Records from a dataset:
_ _ _

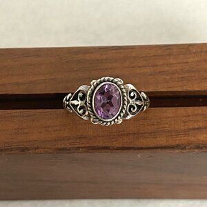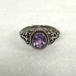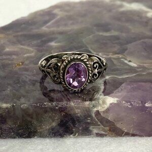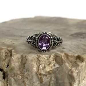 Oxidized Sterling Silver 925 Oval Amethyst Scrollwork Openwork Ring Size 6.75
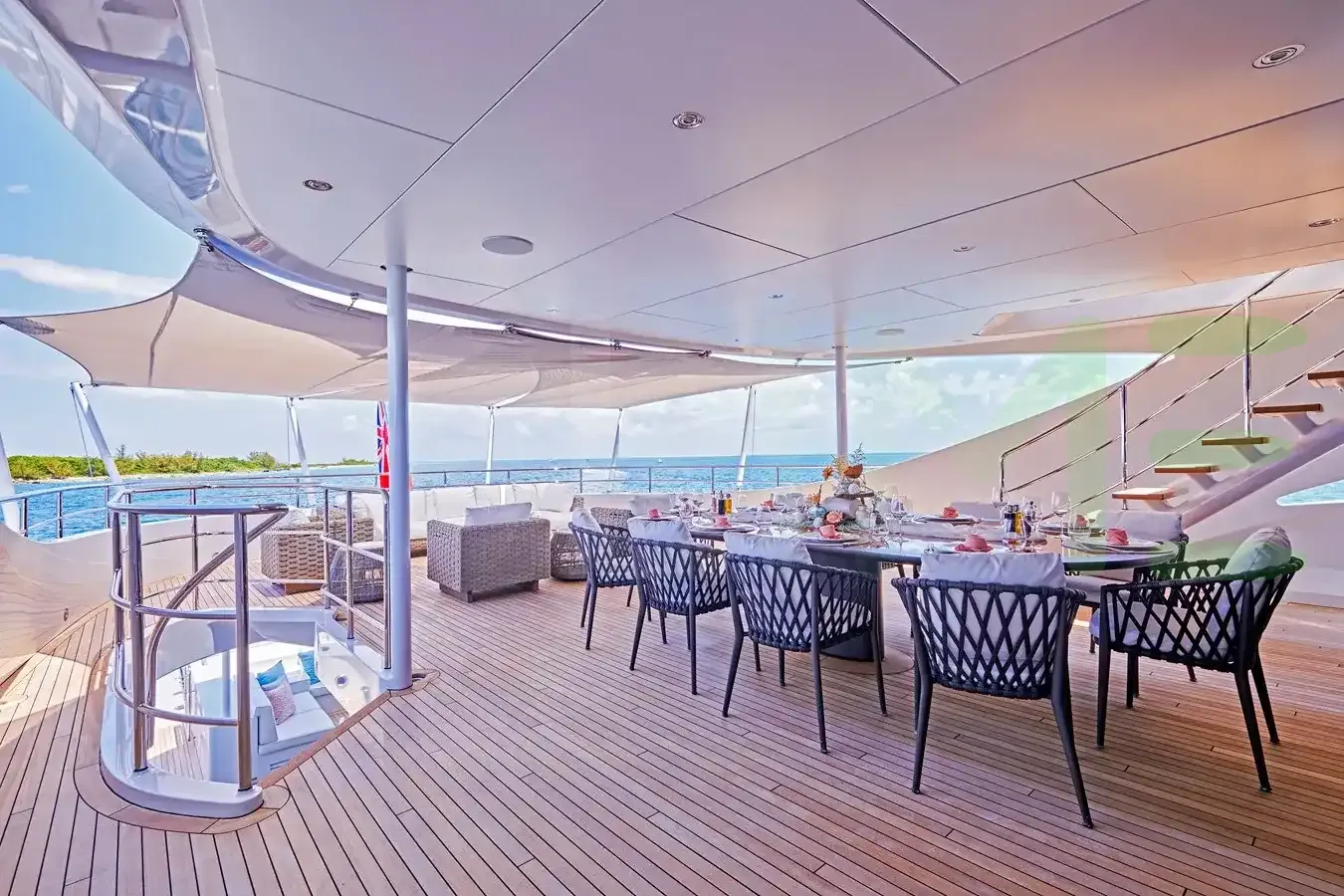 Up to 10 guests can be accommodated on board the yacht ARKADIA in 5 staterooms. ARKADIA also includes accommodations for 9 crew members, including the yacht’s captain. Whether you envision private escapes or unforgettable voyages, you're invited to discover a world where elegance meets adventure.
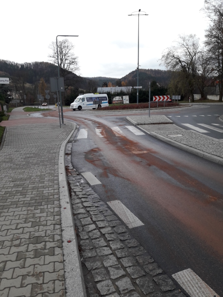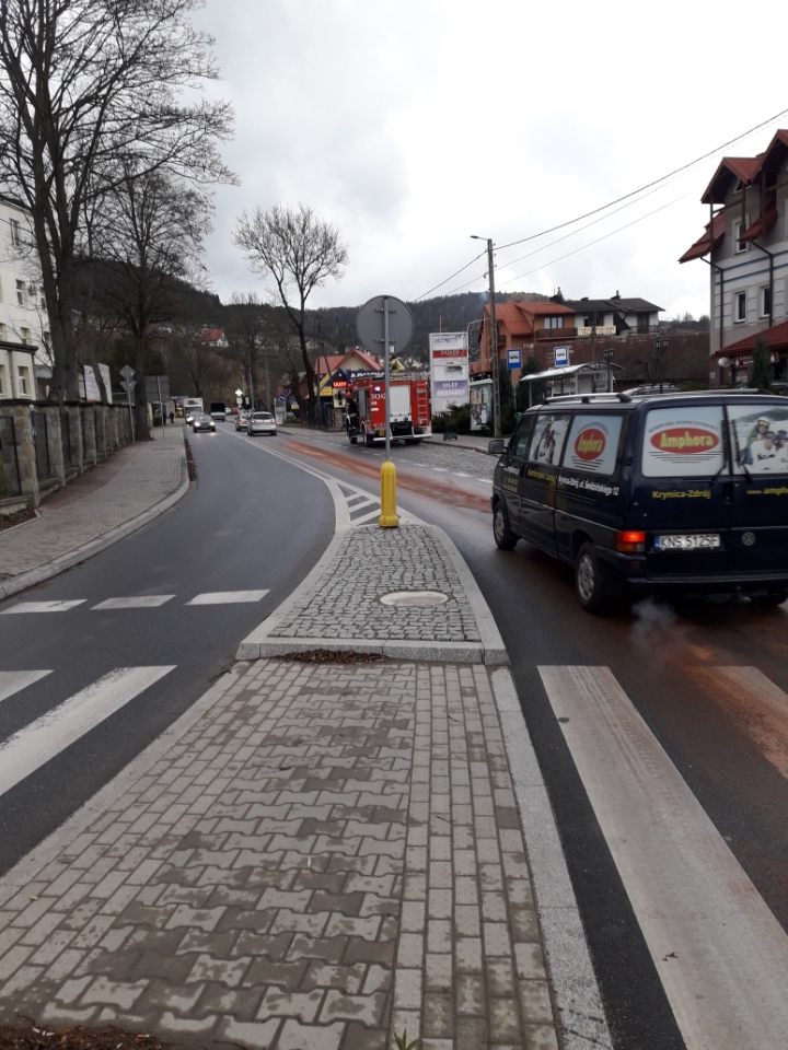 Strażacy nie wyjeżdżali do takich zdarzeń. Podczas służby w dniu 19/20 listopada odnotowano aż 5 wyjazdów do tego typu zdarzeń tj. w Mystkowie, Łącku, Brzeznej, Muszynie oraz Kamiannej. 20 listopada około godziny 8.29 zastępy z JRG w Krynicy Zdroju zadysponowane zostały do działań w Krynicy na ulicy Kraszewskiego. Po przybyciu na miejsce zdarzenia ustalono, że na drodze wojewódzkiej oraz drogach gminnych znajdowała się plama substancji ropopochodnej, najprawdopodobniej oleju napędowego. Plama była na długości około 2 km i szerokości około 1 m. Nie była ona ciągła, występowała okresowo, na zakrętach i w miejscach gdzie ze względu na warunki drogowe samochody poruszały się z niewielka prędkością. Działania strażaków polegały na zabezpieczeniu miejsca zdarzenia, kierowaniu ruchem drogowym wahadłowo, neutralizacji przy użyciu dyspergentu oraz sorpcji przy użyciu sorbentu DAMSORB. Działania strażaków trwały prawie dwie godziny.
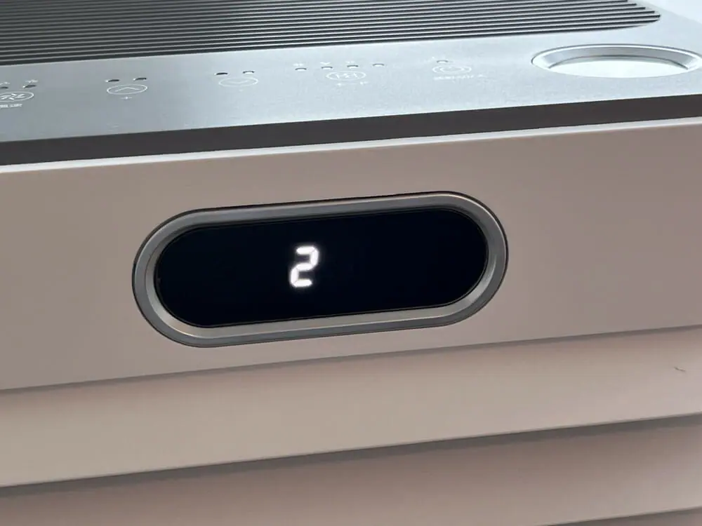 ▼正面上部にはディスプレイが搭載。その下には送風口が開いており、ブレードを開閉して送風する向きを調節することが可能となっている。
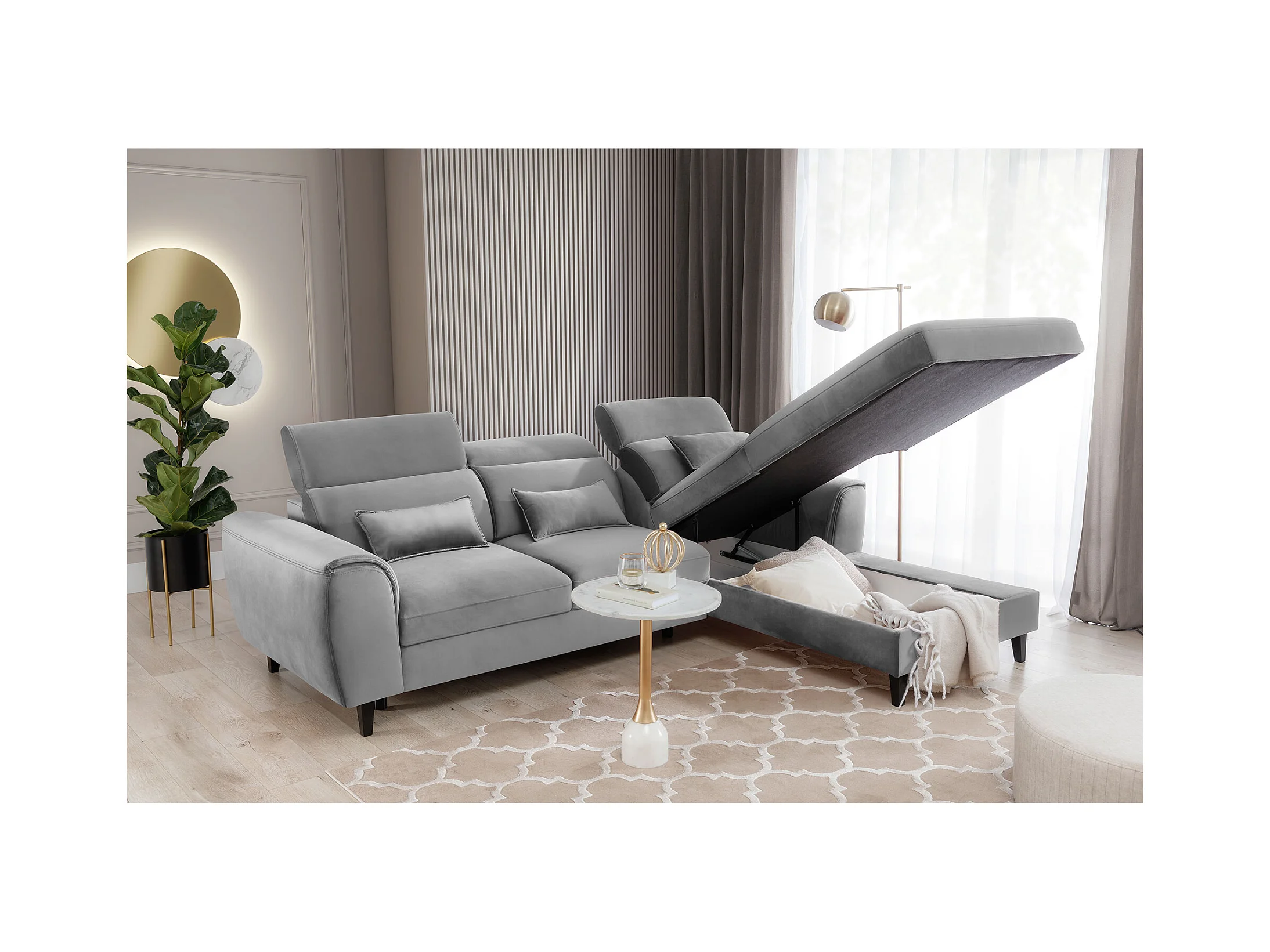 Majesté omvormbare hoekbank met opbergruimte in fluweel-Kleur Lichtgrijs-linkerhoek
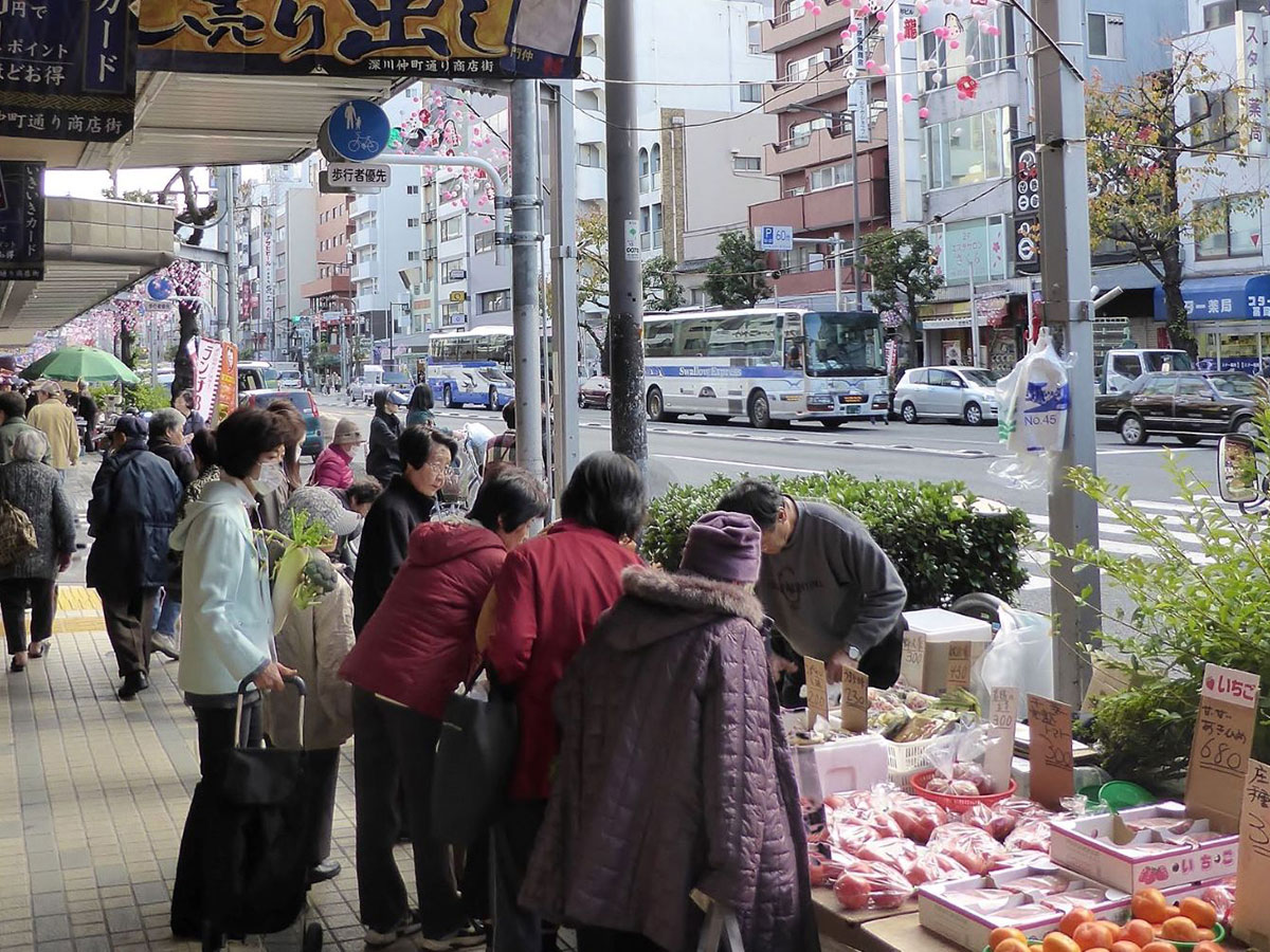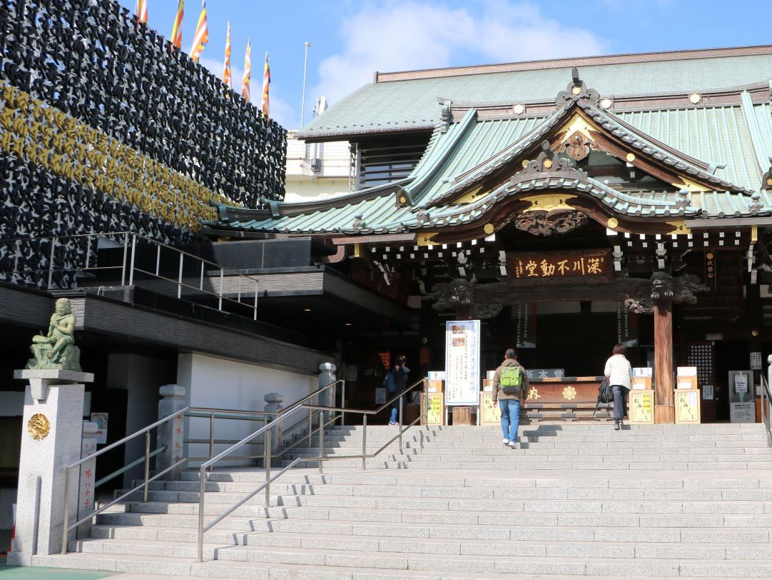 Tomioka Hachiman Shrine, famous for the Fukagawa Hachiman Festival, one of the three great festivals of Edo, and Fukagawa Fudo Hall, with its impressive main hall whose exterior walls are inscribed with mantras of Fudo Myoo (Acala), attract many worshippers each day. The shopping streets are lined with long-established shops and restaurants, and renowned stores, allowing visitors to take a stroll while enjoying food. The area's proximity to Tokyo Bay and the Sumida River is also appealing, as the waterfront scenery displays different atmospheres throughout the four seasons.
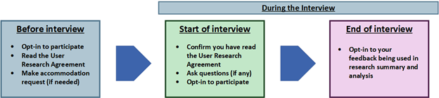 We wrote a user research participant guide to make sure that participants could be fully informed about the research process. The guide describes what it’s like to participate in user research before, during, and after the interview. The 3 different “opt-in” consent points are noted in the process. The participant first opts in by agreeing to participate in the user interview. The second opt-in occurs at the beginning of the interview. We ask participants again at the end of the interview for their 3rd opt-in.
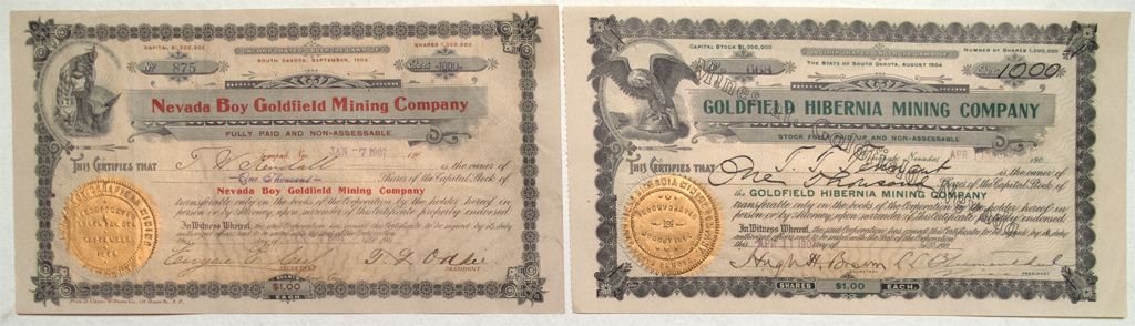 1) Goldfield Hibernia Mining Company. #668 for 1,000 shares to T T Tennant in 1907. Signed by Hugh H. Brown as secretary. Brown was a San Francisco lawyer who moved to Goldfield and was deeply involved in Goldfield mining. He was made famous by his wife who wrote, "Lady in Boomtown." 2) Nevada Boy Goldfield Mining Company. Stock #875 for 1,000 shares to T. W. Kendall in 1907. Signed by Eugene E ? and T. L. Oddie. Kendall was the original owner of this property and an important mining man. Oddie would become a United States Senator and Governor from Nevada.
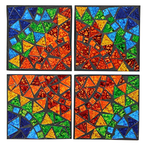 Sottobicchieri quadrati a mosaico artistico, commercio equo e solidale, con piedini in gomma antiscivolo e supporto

_ _ _

**About this exercise**
Nothing should appear in the answer except the lines from the first line of the data through the line holding "Up to 10 guests", exactly as written, with pictures left out.

**Answer below**
 Oxidized Sterling Silver 925 Oval Amethyst Scrollwork Openwork Ring Size 6.75
 Up to 10 guests can be accommodated on board the yacht ARKADIA in 5 staterooms. ARKADIA also includes accommodations for 9 crew members, including the yacht’s captain. Whether you envision private escapes or unforgettable voyages, you're invited to discover a world where elegance meets adventure.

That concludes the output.